GC-MS data should be corrected for peak drifts to accurately determine the concentration of VOCs in an automated fashion. Several algorithms are described in literature for the alignment of chromatographic data. The alignment procedure, also referred as peak matching, can be done with COWtool software [28]. This method relies on piecewise linear correlation optimised warping (COW). A second commonly used alignment algorithm is based on dynamic time warping (DTW). Tomasi et al. [29] studied these two different algorithms –COW and DTW- as pre-processing steps for chromatographic data. They concluded that time alignment corrections should be handled with great care and pointed to difficulties with respect to the judgement of performance. We also experienced difficulties to assess the result of an alignment as produced by MetAlign. It seems that a generally accepted benchmark method is lacking. Lin et al. [30] determined whether the inconsistency was due to amplitude differences or phase variations using a “lobster plot”. This graphical evaluation of the result of aligning might also be applied to our data. However, it should be kept in mind that this procedure becomes time consuming and more subjective when the number of samples increases.

Besides technical aspects, also economic aspects should be considered when comparing manual with automatic processing of GC-MS data. For routine GC-MS analysis, excluding data analysis, our laboratory charges 25 euro per sample. For this study, approximately 5 min per sample was needed for manually processing. Manual processing would then result in 20% extra costs at a labour cost of 60 euro per hour. An automatic procedure would thus result in significant cost reduction especially in case the number of target VOCs would increase, resulting in more time needed per sample.

Automatic processing would especially result in a cost reduction when large amounts of samples need to be processed, for instance when air samples from different locations within the greenhouse should be analysed. This could be achieved by the use of a multi-valve system connected to multiple tubes distributed across the greenhouse. These tubes allow transfer of air samples from distant sites to a central GC-MS. The spatial resolution in which samples are collected is then probably limited by the time needed to pre-concentrate the VOCs of interest in order to achieve the detection limits of the GC-MS.

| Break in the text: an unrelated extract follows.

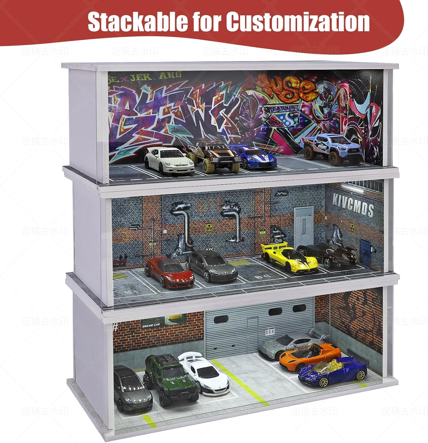 - 1/64 CARS DISPLAY GARAGE: This Hot Wheels display case is designed to storage and display 1:64 scale model cars, including most brands such as Hot Wheels, Monster Truck and MatchBox with 6 parking spaces on each level

Automatic data processing would reduce the costs of GC-MS application and extents its use to other agricultural applications such as quality control. Potato-tubers are among the agricultural products that could be checked for quality-loss based on the analysis of emitted VOCs [31,32]. Recently, this method was successfully applied at laboratory scale to monitor quality aspects of several other agricultural products including milk, meat, vegetables, grains, and fruits [33–36]. For such applications, automatic data processing is valuable but GC-MS instruments also need to become more robust and less expensive before they can be applied in an agricultural setting.

5. Conclusions

This research is a response to the need of automatic data processing for GC-MS-based crop health monitoring. The results of automatic processing of the experimental dataset resulted in concentrations similar to that after manual processing. These results demonstrate that GC-MS data can be automatically processed in order to accurately determine the concentrations of crop health associated VOCs in a greenhouse. When processing GC-MS data automatically, noise reduction, alignment, baseline correction and normalisation seem to be required. The automatic processing of GC-MS data would result in significant cost reduction, especially in the case where the number of target VOCs would increase, resulting in more time needed per sample.